Поскольку эти препараты направлены на снижение иммунного ответа против собственных тканей организма, у этих традиционных методов лечения есть побочные эффекты, такие как повышение уязвимости к инфекциям, которые потенциально могут быть опасными для жизни. В медицине есть новые достижения в лечении аутоиммунных заболеваний, которые в настоящее время исследуются, разрабатываются и используются сегодня, особенно когда традиционные методы лечения не работают.

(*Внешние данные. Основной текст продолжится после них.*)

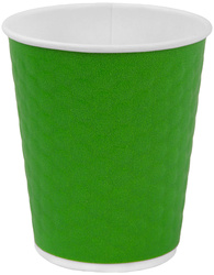 Двухслойный бумажный стакан объемом 250 мл в эко-зеленом цвете с конгревом "соты". Изготовлен из двух слоев пищевого картона высокой плотности 230+15/250 г/м2 с биоразлагаемым полимерным покрытием. Воздушная прослойка между слоями обеспечивает продвинутую термоизоляцию: напитки до +95 °C остаются горячими, а внешняя стенка сохраняет комфортную температуру для рук.
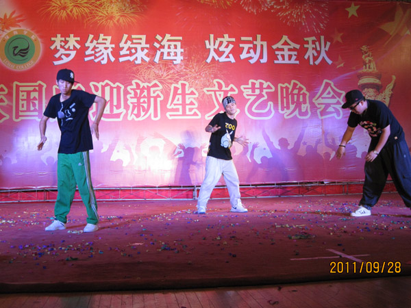 计承光副院长宣布晚会开幕后,晚会以一场别开生面的老生、新生对话拉开序幕。一开场,朗诵《远航》就为现场观众带来了巨大的震撼,声如洪钟,声情并茂,将大家的心紧紧联系在一起。热情奔放的歌曲串烧,悠远动听,不同声色的联唱,充分呈现了交融和谐之美。T台秀《礼仪展示》展示了绿海的十项特色,也展现了绿海学子的青春活力。印度舞《欢乐的跳吧》在轻松欢愉的舞曲中展现曼妙的舞姿,带给观众别样风情,台下掌声雷动。随后相声表演《老生新生》幽默逗趣,博得满堂喝彩。街舞《just dancing》,动感激情的动作与音乐的完美融和,充分展示了大学生的青春活力。黄梅戏《十五的月亮为谁圆》,在喜庆欢快的音乐中,唱出了黄梅戏的浓郁清新,清韵绕梁,歌声悠扬,掌声还未平息,古典舞《梦忆江南》又携古风古韵滚滚而来,旋律雅致优美,舞姿轻灵舒缓。独唱《北京颂歌》用洪厚的声音,稳健的台风,娴熟的演唱技巧征服了现场观众。

Эти методы направлены либо на блокирование активации патогенных клеток в организме, либо на изменение пути естественного подавления этих клеток.[40][42] Целью этих достижений является создание доступных вариантов лечения, которые менее токсичны для пациента и имеют более конкретные цели.[42] К таким вариантам относятся:

  • Моноклональные антитела, которые можно использовать для блокирования провоспалительных цитокинов.
  • Антиген-специфическая иммунотерапия, которая позволяет иммунным клеткам специфически нацеливаться на аномальные клетки, вызывающие аутоиммунное заболевание.[42]
  • Костимуляторная блокада, которая блокирует путь, ведущий к аутоиммунному ответу
  • Регуляторная Т-клеточная терапия, которая использует этот особый тип Т-клеток для подавления аутоиммунного ответа[40]

Эпидемиология

Первая оценка групповой распространенности аутоиммунных заболеваний в США была опубликована в 1997 г. Jacobson et al. Они сообщили, что распространенность в США составляет около 9 миллионов, применив оценки распространенности по 24 заболеваниям к 279 миллионам населения США.[43] Работа Якобсона была обновлена ​​Hayter & Cook в 2012 году.[44] В этом исследовании использовались постулаты Витебского в редакции Rose & Bona,[36] расширить список до 81 болезни и оценить общую кумулятивную распространенность 81 аутоиммунного заболевания в США на уровне 5,0%, 3,0% для мужчин и 7,1% для женщин. Расчетная распространенность среди населения с учетом наблюдения, что многие люди страдают более чем одним аутоиммунным заболеванием, составила в целом 4,5%, 2,7% для мужчин и 6,4% для женщин.[44]

Исследование

Как при аутоиммунных, так и при воспалительных заболеваниях это состояние возникает в результате аберрантных реакций адаптивной или врожденной иммунной системы человека. При аутоиммунной реакции иммунная система пациента активируется против собственных белков организма. При хронических воспалительных заболеваниях, нейтрофилы и другие лейкоциты постоянно набираются цитокины и хемокины, что приводит к повреждению тканей.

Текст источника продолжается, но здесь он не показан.